What is a Simulation?
In this section, the speaker defines what a simulation is and provides examples of how it can be used in various fields.
Definition of Simulation
- A simulation is a computer program that models real-world scenarios.
- Simulations are used in various fields such as engineering, medicine, and finance.
- Simulations can be used to test hypotheses or predict outcomes.
Types of Simulations
In this section, the speaker discusses different types of simulations that exist.
Types of Simulations
- Physical simulations model real-world objects or systems.
- Mathematical simulations use equations to model systems or phenomena.
- Agent-based simulations model individual agents interacting with each other in a system.
Advantages of Simulations
In this section, the speaker explains why simulations are useful tools in various fields.
Advantages of Simulations
- Simulations can be used to test hypotheses without risking damage or harm in real life scenarios.
- Simulations can save time and money by reducing the need for physical testing or experimentation.
- Simulations can provide insights into complex systems that may not be easily observable in real life scenarios.
Disadvantages of Simulations
In this section, the speaker discusses some of the limitations and drawbacks of simulations.
Disadvantages of Simulations
- Simulations are only as accurate as the data and assumptions used to create them.
- Simulations may not account for all variables or factors that can affect real-world scenarios.
- Simulations may be limited by computational power or resources.
Conclusion
In this section, the speaker concludes the video by summarizing key points about simulations.
Summary
- A simulation is a computer program that models real-world scenarios.
- There are different types of simulations such as physical, mathematical, and agent-based simulations.
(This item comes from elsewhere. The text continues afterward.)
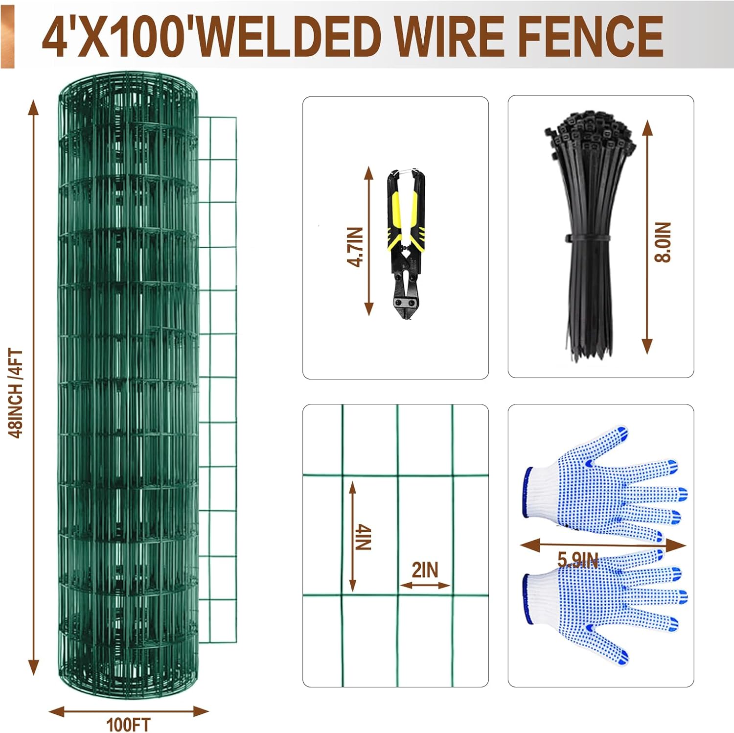 Tongmo 4 ft x 100 ft Green PVC Coated Welded Wire Fence, 16GA Garden Chicken Wire Fence Roll, Mesh Size 2" x 4" Hardware Cloth, Ideal for Yard Protection and Poultry Netting

- Simulations have advantages such as being able to test hypotheses without risking harm or damage in real life scenarios, saving time and money, and providing insights into complex systems.
- However, there are also disadvantages such as limitations in accuracy due to data and assumptions used, not accounting for all variables or factors that can affect real-world scenarios, and being limited by computational power or resources.